To see how truly lucky I was I had to widen my circle beyond my peers to include all humankind, throughout both history and today’s world. I have enjoyed a more comfortable life than most people who have ever lived. Not even Charlemagne or Alexander the Great got to enjoy a hot shower every day. (Don’t tell me you think they wouldn’t want one either.) More seriously, I would have a hard time selling my sob story to the people who worked in those 19th century New England textile mills. My coal miner ancestors would tell me to stop being a whiny candyass. But those are just hard lives compared to the suffering that happened in Rwanda and is happening in the Sudan. Closer to home, there’s the suffering of the American parents who have lost their soldier children in Iraq. Then there’s the suffering of the Iraqi people. The world is full of misery. It would be myopic folly for me to think I’ve got it worse than everybody else. The truth is my quality of life has been better than most everybody else’s.

I always joke I would hate to be the guy at the end of the line of comparative suffering. He looks to his left for comfort and nobody’s there. But that guy at the end of the line is probably a happy person. Why? Because he has to be. God help you if you are at the end of that line and you are depressed. Then you are really sunk. I think I learned early in my life that being happy made my illness more bearable. Happiness is a survival strategy.

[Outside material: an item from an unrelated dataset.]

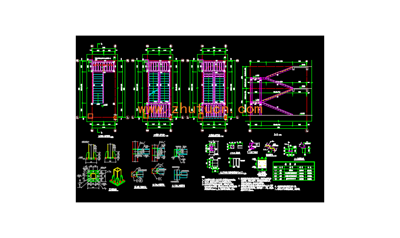 两层钢结构梁式楼梯施工图,本图楼梯所用材料(除注明外)的材质为Q235B钢。踏步板、楼梯平台采用4mm厚菱豆型花纹板;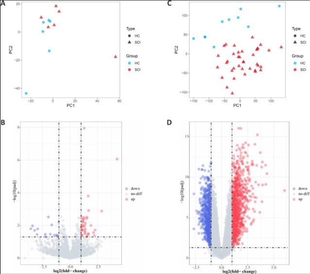 在脊髓损伤(SCI)的研究中,图1通过主成分分析(PCA)和差异表达分析,揭示了SCI患者与健康对照组(HCs)在miRNA和mRNA表达谱方面的显著差异。图1A的PCA图显示出两组在miRNA表达上的明显分隔,图1B的火山图则指出了54种差异表达的miRNA,其中39种上调,15种下调。针对mRNA表达谱,图1C的PCA图同样显示了38个SCI患者与10个HC之间的明显分隔,而图1D的火山图进一步阐明了1656个差异表达基因(DEGs)的变化情况,908个上调,748个下调。这些分析为后续的生物信息学研究奠定了基础,提示了可能涉及的特定分子通路和机制。

We should not look at history’s great sufferers as if they are museum pieces. No, we want to get down in the dirt with their real selves and embrace their human struggle. If they survived their dire straits, we can survive ours. My favorite survival story is that of Ernest Shackleton and his Endurance expedition. He was one tough Englishman. Even those who did not survive can inspire, people like Anne Frank or Sophie Scholl or Lance Sijan. This makes me think of that line in the movie “Predator” where Schwarzenegger as Dutch sees the Predator’s green blood dripping off a leaf and says, “If it bleeds, we can kill it.” Survivors expose suffering as a vulnerable beast.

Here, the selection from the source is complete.